-- Task objective --
Below are entries; repeat exactly, and nothing else, the lines from the one holding "大会は当日参加もできるそうで" through the one holding "切勿让薄膜的任意部位伸出车辆", inclusive. Leave the pictures out.

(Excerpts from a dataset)
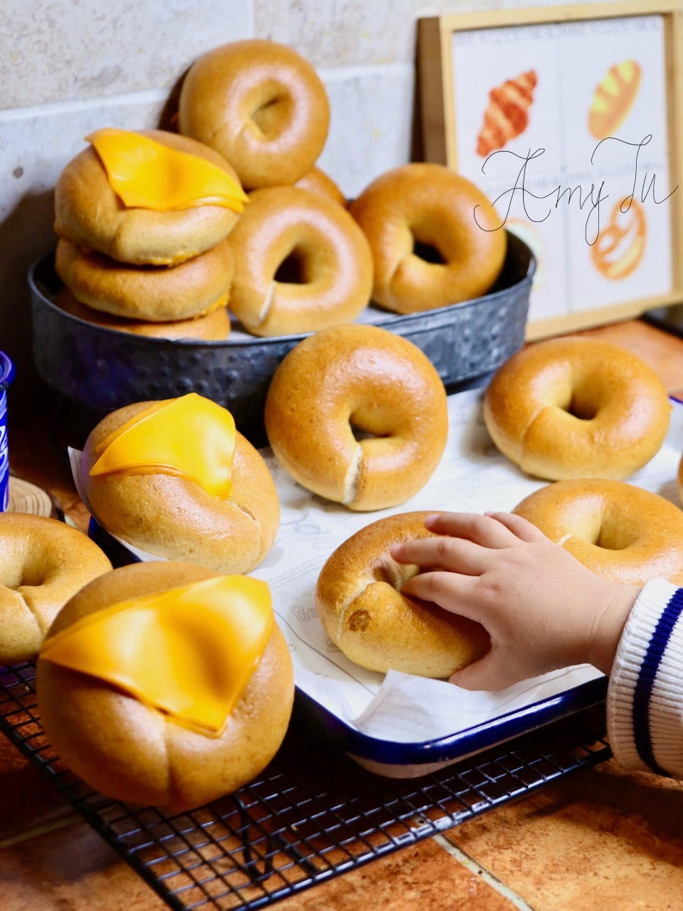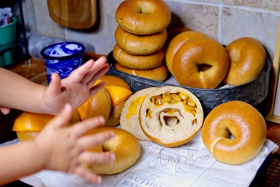 小手模喜欢拿贝果当玩具😂
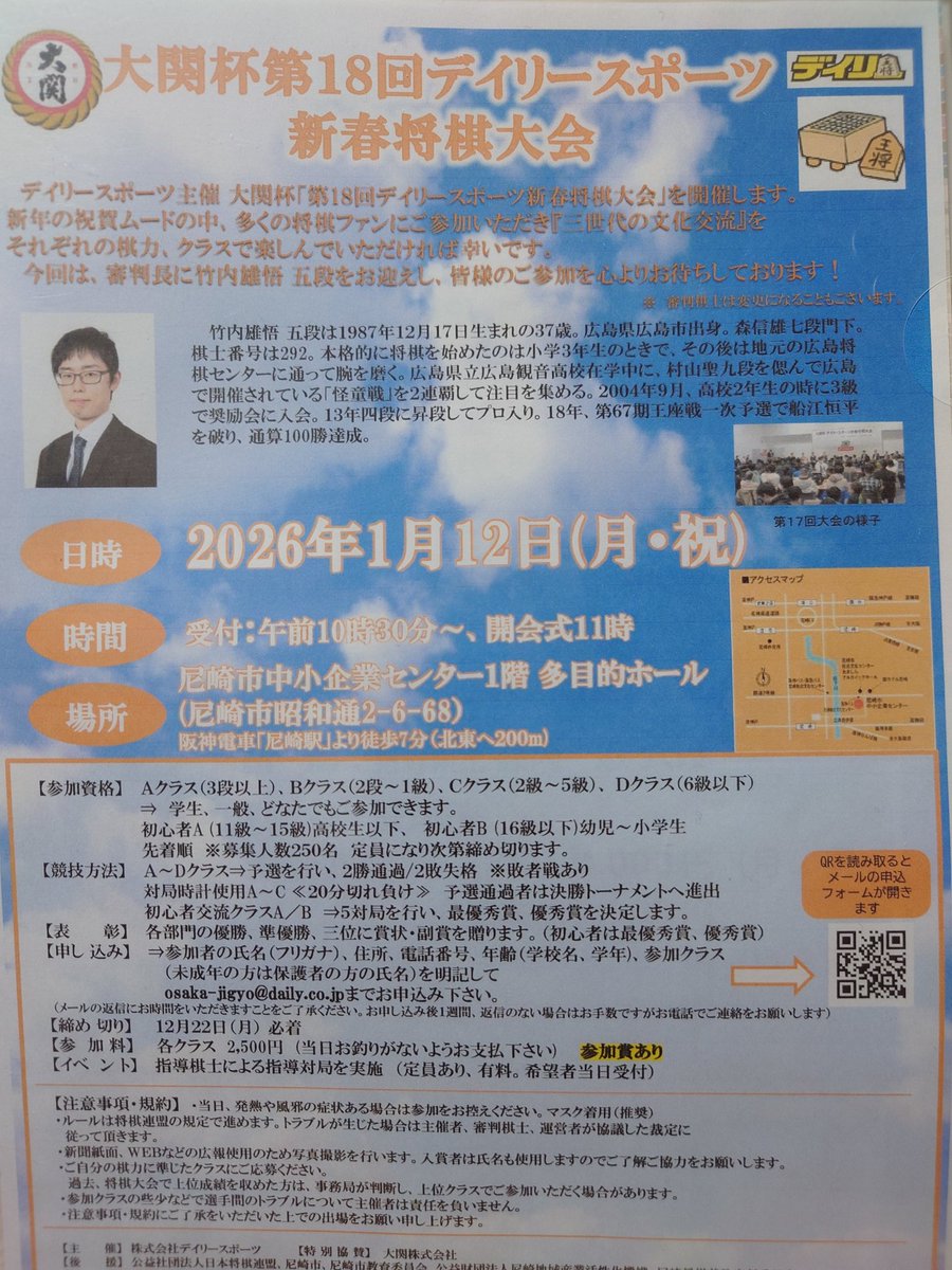 大会は当日参加もできるそうですので、ご都合良い方は是非😊(まほ)11月30日(日)は所司一門将棋センター
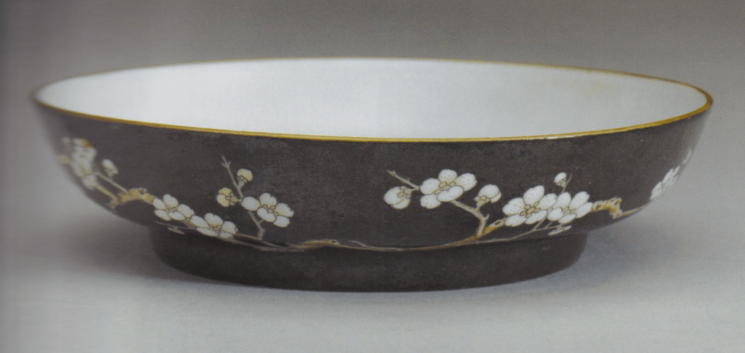 这对碟侈口、浅弧壁、矮圈足。器物口沿涂有一道金边,器内平素无纹,釉色略带灰黄。二碟器外壁以黑色为地,彩绘梅树一株,其上开满白梅。器底带「雍正年制」二行蓝料宋体字方框款。此对瓷碟可能马雍正十年八月十二日造办处档案中画得知「画黑地白梅花四寸磁碟一对」。
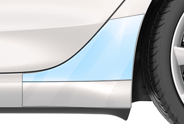 切勿让薄膜的任意部位伸出车辆边缘。不要将薄膜粘贴在门槛板和围板之间的车身线条上(双向折弯)。
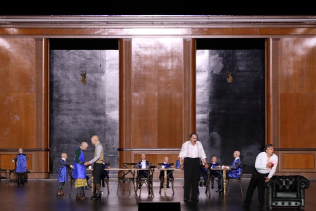 Water journeys are the back story of the drama. We are at sea in Act I. Isolde is sailing to Tristan in Act III. Warlikowski gives us the sea projected in drop down frames filled with floating airborne sea gulls and the rush of water. He drowns the lovers at the opera’s conclusion.
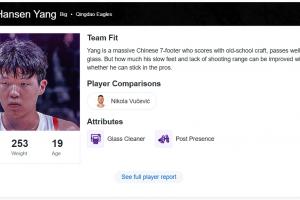 雅虎給楊瀚森的模板是武切維奇,并點(diǎn)評(píng)說(shuō):“楊是一個(gè)巨大的中國(guó)七尺中鋒,有著老派的得分、傳球、籃板能力。但他的腳下速度和投射能進(jìn)步多少,將取決于他能在聯(lián)盟里待多久?!?/p>
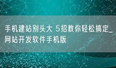手机建站别头大 5招教你轻松搞定_网站开发软件手机版
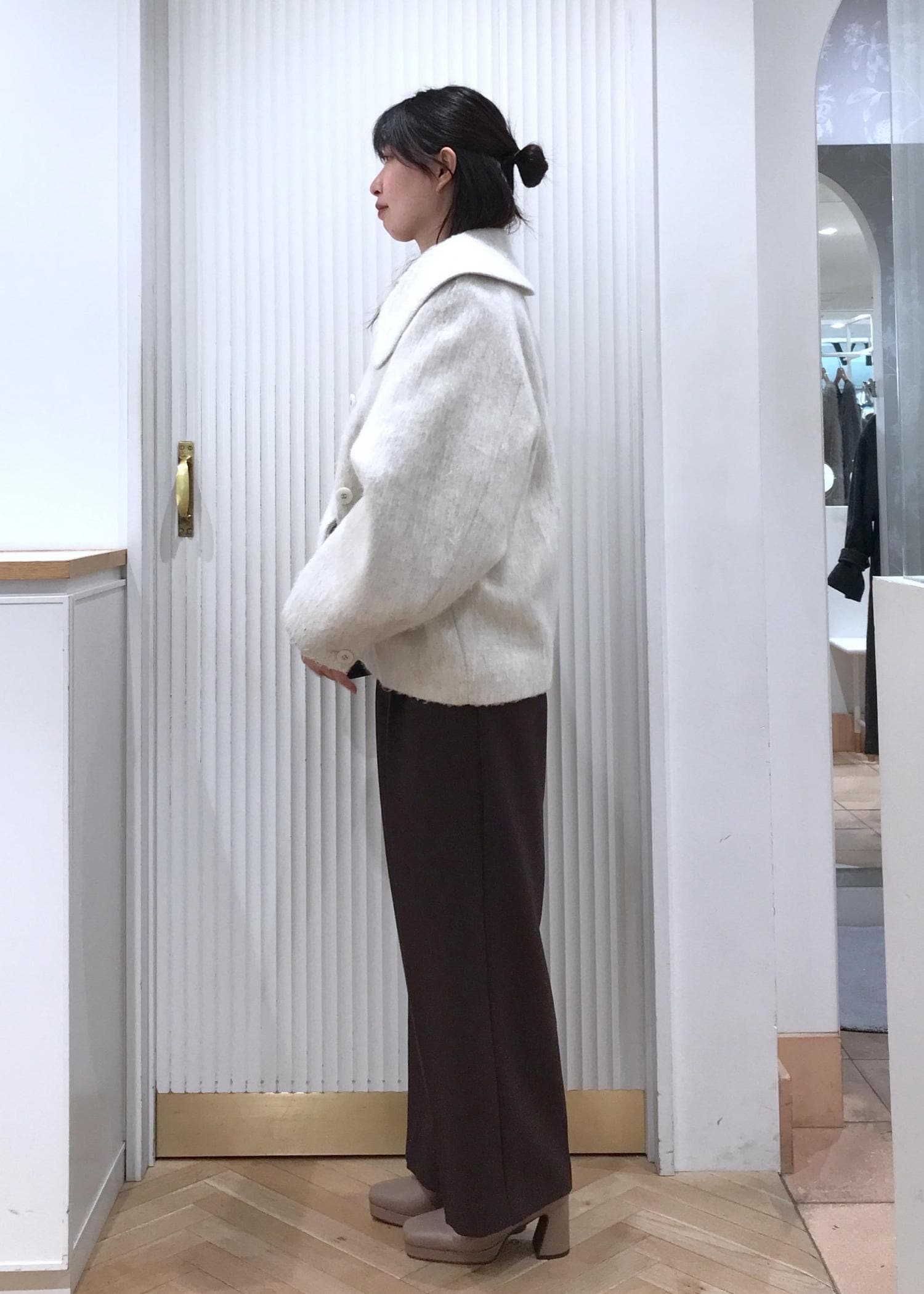 ビッグカラーなので、お顔周りがスッキリして小顔効果もありますよ。
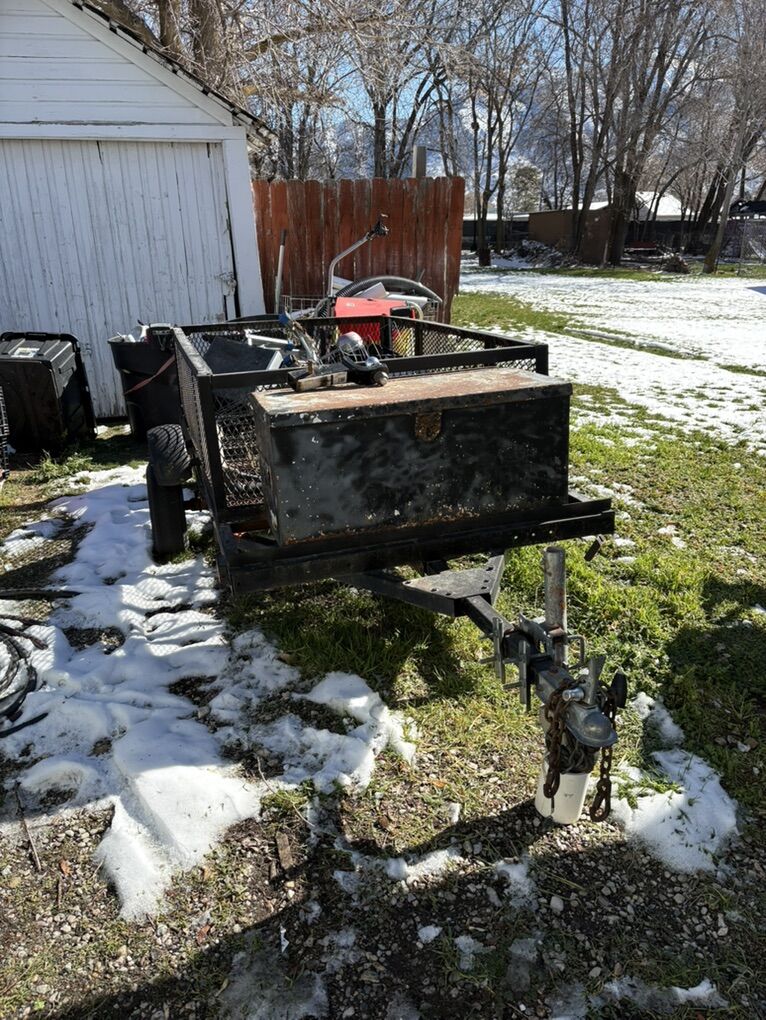 6.5ft x 4 ft haul area 3ft x 1.5 ft cargo box Crank doesn’t crank but trailer is easy to lift with no payload Tires are pretty worn, but will survive another couple months or so

-- Answer below --
 大会は当日参加もできるそうですので、ご都合良い方は是非😊(まほ)11月30日(日)は所司一門将棋センター
 这对碟侈口、浅弧壁、矮圈足。器物口沿涂有一道金边,器内平素无纹,釉色略带灰黄。二碟器外壁以黑色为地,彩绘梅树一株,其上开满白梅。器底带「雍正年制」二行蓝料宋体字方框款。此对瓷碟可能马雍正十年八月十二日造办处档案中画得知「画黑地白梅花四寸磁碟一对」。
 切勿让薄膜的任意部位伸出车辆边缘。不要将薄膜粘贴在门槛板和围板之间的车身线条上(双向折弯)。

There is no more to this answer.